==== Task input
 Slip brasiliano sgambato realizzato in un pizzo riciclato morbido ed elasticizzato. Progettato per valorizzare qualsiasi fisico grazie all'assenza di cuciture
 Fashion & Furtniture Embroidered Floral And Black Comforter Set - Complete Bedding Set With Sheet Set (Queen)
========
==== Task input
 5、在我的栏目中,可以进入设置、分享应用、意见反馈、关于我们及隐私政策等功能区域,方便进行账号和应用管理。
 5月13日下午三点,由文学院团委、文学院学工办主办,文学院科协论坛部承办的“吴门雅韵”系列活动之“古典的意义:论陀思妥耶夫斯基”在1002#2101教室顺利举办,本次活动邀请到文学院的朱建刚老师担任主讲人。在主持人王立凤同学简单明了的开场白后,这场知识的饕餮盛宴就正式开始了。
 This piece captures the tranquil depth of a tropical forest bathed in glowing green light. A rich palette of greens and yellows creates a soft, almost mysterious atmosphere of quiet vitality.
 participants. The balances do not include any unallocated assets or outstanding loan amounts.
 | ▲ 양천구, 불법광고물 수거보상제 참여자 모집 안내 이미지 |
========
==== Task input
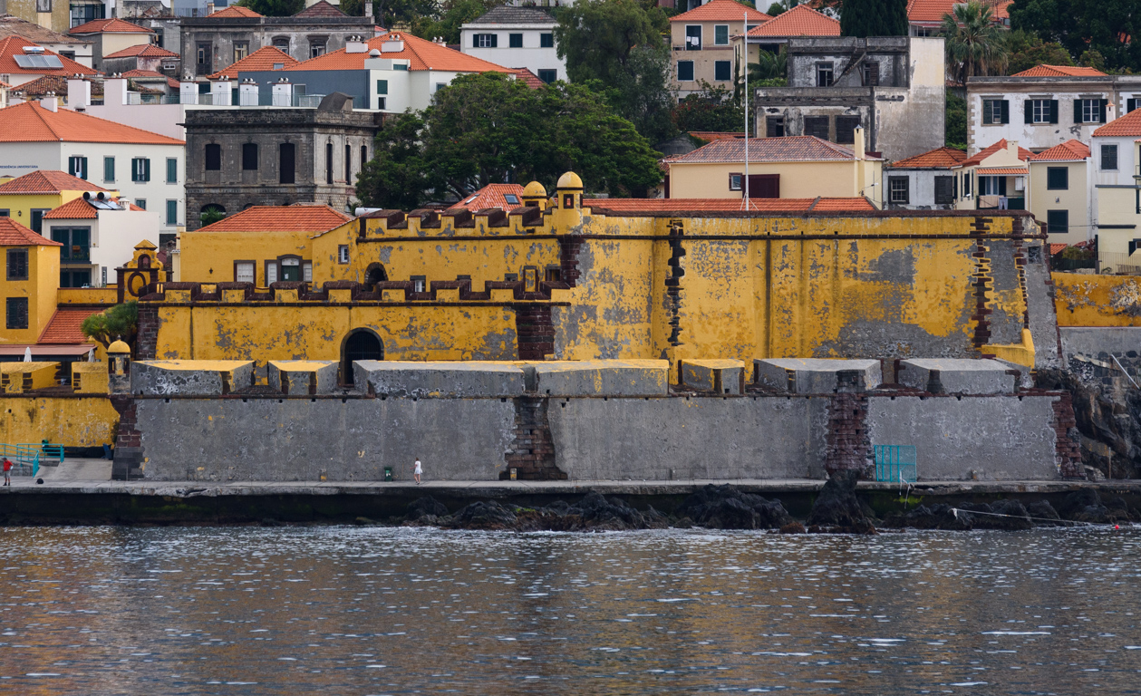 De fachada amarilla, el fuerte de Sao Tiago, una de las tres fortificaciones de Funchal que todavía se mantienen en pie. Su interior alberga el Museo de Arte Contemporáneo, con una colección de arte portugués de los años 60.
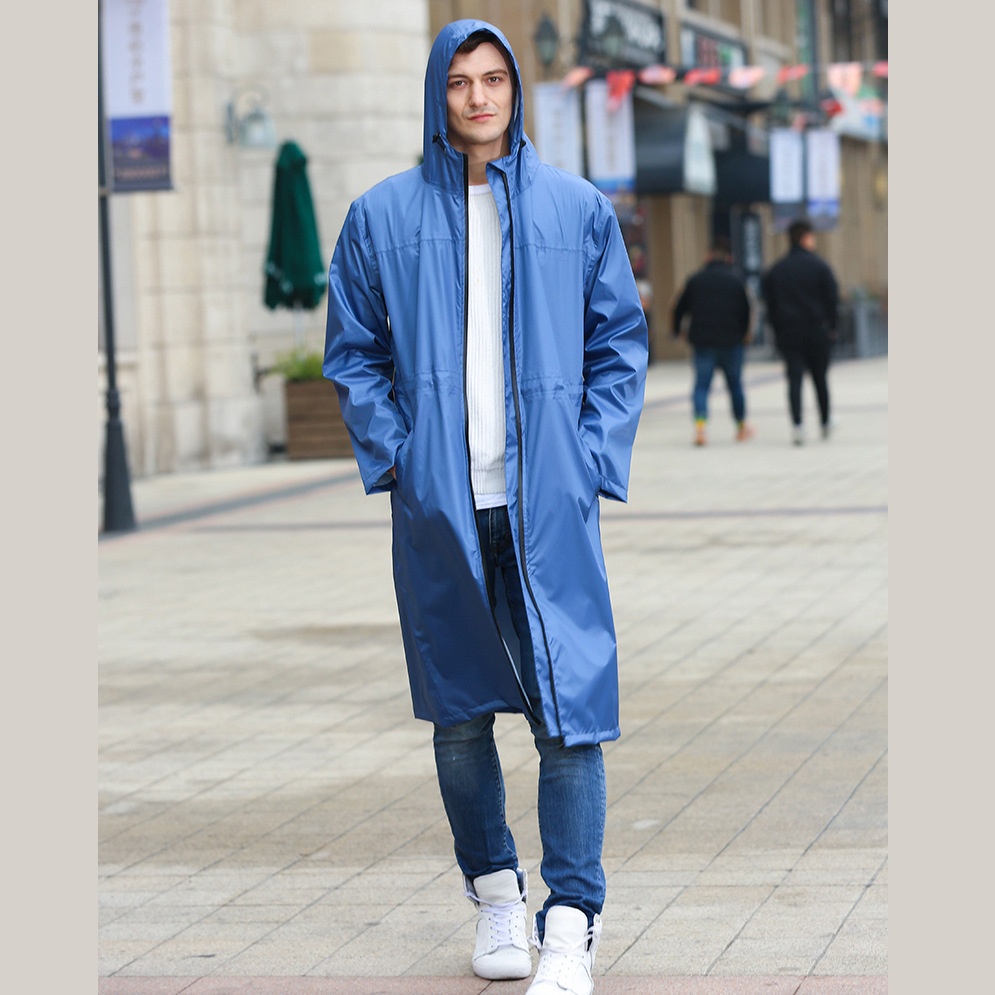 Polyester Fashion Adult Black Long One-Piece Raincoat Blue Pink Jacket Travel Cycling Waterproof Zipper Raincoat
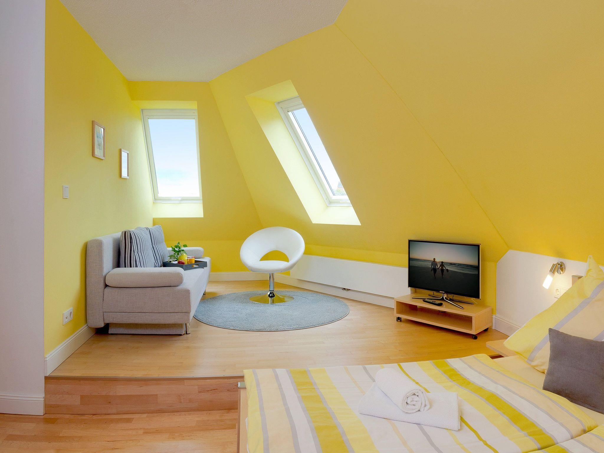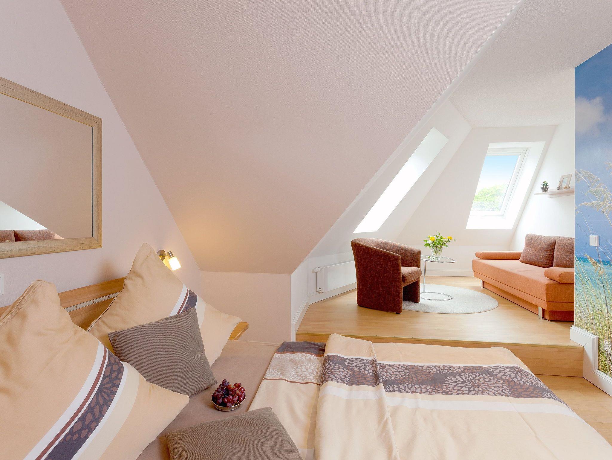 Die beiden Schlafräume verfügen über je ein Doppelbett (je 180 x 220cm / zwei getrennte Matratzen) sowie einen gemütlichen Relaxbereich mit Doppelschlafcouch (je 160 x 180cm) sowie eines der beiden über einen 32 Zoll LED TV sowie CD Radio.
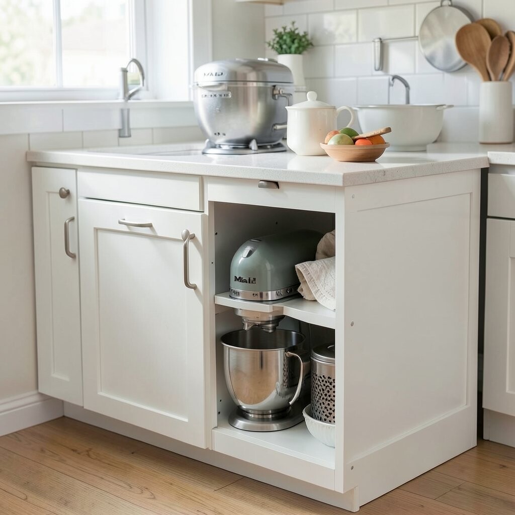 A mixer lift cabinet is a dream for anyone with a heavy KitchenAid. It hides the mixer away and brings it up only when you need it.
========
● **Work instruction**:
What are the lines, exactly as written above, from the line with "5月13日下午三点,由文学院" to the line with "모집 안내 이미지 |", both included? Output only those.

● **Reply to the task**:
 5月13日下午三点,由文学院团委、文学院学工办主办,文学院科协论坛部承办的“吴门雅韵”系列活动之“古典的意义:论陀思妥耶夫斯基”在1002#2101教室顺利举办,本次活动邀请到文学院的朱建刚老师担任主讲人。在主持人王立凤同学简单明了的开场白后,这场知识的饕餮盛宴就正式开始了。
 This piece captures the tranquil depth of a tropical forest bathed in glowing green light. A rich palette of greens and yellows creates a soft, almost mysterious atmosphere of quiet vitality.
 participants. The balances do not include any unallocated assets or outstanding loan amounts.
 | ▲ 양천구, 불법광고물 수거보상제 참여자 모집 안내 이미지 |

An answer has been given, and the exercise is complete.